PROBLEM TO SOLVE: Your copy should begin with the line containing "Find the HWaddr", end with the line containing "Donald Trump, derecha, y", match the listing below exactly, and contain no pictures.

DATA FOR THE TASK:
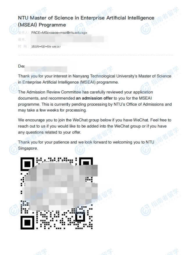 南洋理工大学企业人工智能理学硕士研究生offer一枚
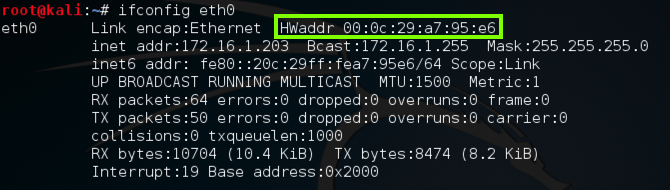 Find the HWaddr value, which is highlighted in the figure below on this page. Record this value--you will need it later.
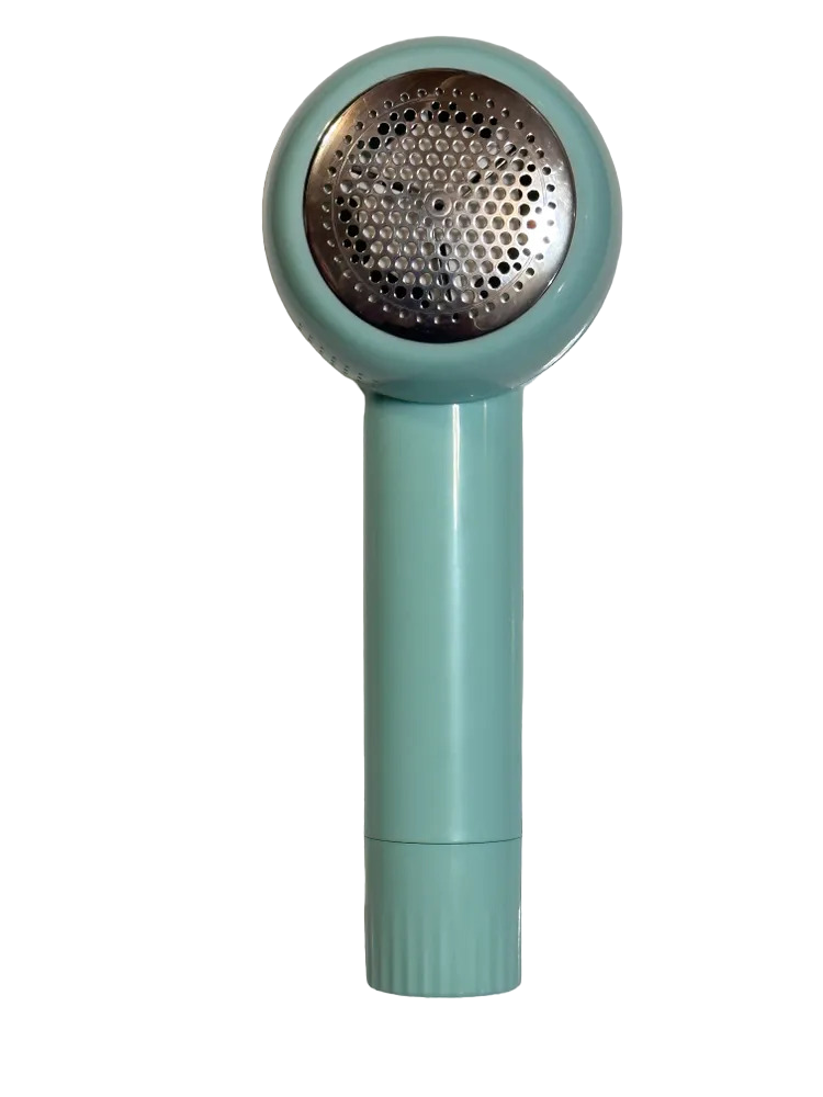 Корпус устройства был спроектирован в форме буквы “Т” в соответствии с принципами эргономики, поэтому его удобно держать, а нагрузка на запястье минимальна. Машинка изготовлена из качественного матового пластика нежного зеленого цвета, а вес составляет всего 175 грамм. Она имеет тихий ход, отсутствует вибрация при работе. Машинка для удаления катышков и чистки одежды не повреждает ткань, так как имеет защитную сетку.
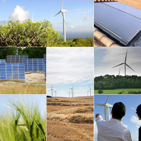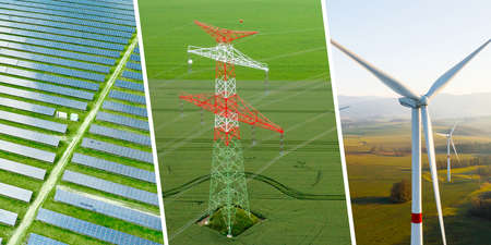 Renewable green energy collage with solar panel, windmill and pylon. Generation of electricity and power.
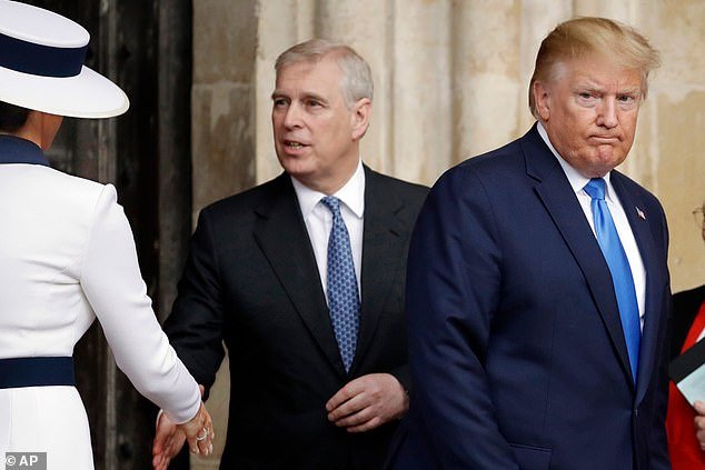 Donald Trump, derecha, y la primera dama Melania Trump, izquierda, acompañados por el príncipe Andrés de Gran Bretaña, salen después de una visita a la Abadía de Westminster en Londres, el 3 de junio de 2019.
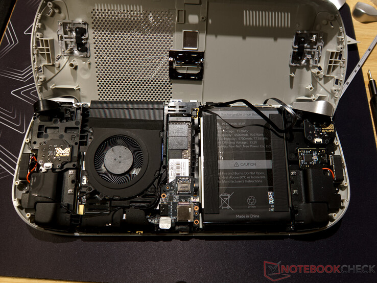Wirklich leicht fällt das Auseinanderbauen des Ayaneo Kun nicht. Hierfür muss man zunächst die beiden Griffabdeckungen an der Rückseite entfernen. Auch die Leiste zwischen den Schultertasten will entfernt werden. Dann liegen alle Schrauben, die es zu entfernen gilt, frei. Um im Inneren an sämtliche Anschlüsse zu gelangen, entfernt man weitere Schrauben und steckt einige Flachbandkabel ab. Besondere Aufmerksamkeit sollte man dabei dem Flachbandkabel zum Fingerabdrucksensor gewähren. Dieses ist zwar lang genug, um die Unterschale gefahrlos zu entfernen, könnte aber durch Knicken leicht beschädigt werden. Um an die M.2-2280-NVMe-SSD zu gelangen, muss zunächst das Anschluss-Board für den microSD-Kartenleser und die SIM-Karte entfernt werden. Auf einer der Schrauben befindet sich, wie beim Air 1S, ein Garantiesticker, der sich jedoch leicht vollständig entfernen lässt. Auch das WLAN-Modul ist tauschbar, befindet sich jedoch noch tiefer verbaut. So müssen auch der Lüfter und ein Kunststoffrahmen ausgebaut werden, um zur Steckkarte Zugriff zu haben. Der Anschluss für das LTE-Modem ist in unserem Fall nicht belegt, könnte jedoch nachgerüstet werden. Allerdings sehen wir in unserem Testgerät keine entsprechenden Antennen vormontiert. Für ältere Handhelds bietet Ayaneo viele Ersatzteile im hauseigenen Shop an. Sicher werden dort bald Teile für das Ayaneo Kun folgen.
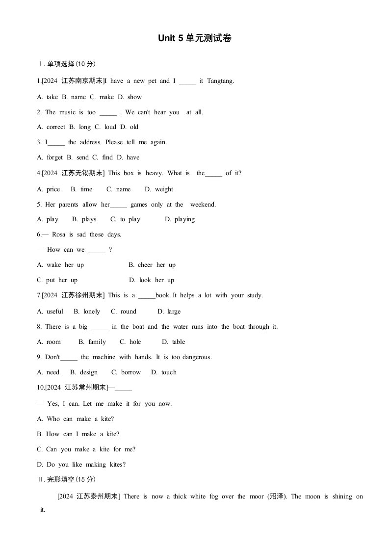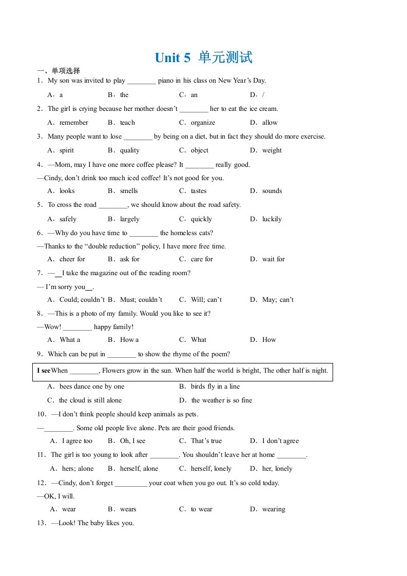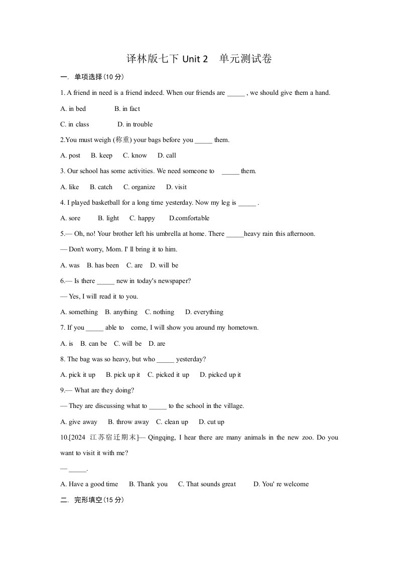 七下英语译林Unit 5 单元测试(含答案)QXYYYL-0219

TASK SOLUTION:
 Find the HWaddr value, which is highlighted in the figure below on this page. Record this value--you will need it later.
 Корпус устройства был спроектирован в форме буквы “Т” в соответствии с принципами эргономики, поэтому его удобно держать, а нагрузка на запястье минимальна. Машинка изготовлена из качественного матового пластика нежного зеленого цвета, а вес составляет всего 175 грамм. Она имеет тихий ход, отсутствует вибрация при работе. Машинка для удаления катышков и чистки одежды не повреждает ткань, так как имеет защитную сетку.
 Renewable green energy collage with solar panel, windmill and pylon. Generation of electricity and power.
 Donald Trump, derecha, y la primera dama Melania Trump, izquierda, acompañados por el príncipe Andrés de Gran Bretaña, salen después de una visita a la Abadía de Westminster en Londres, el 3 de junio de 2019.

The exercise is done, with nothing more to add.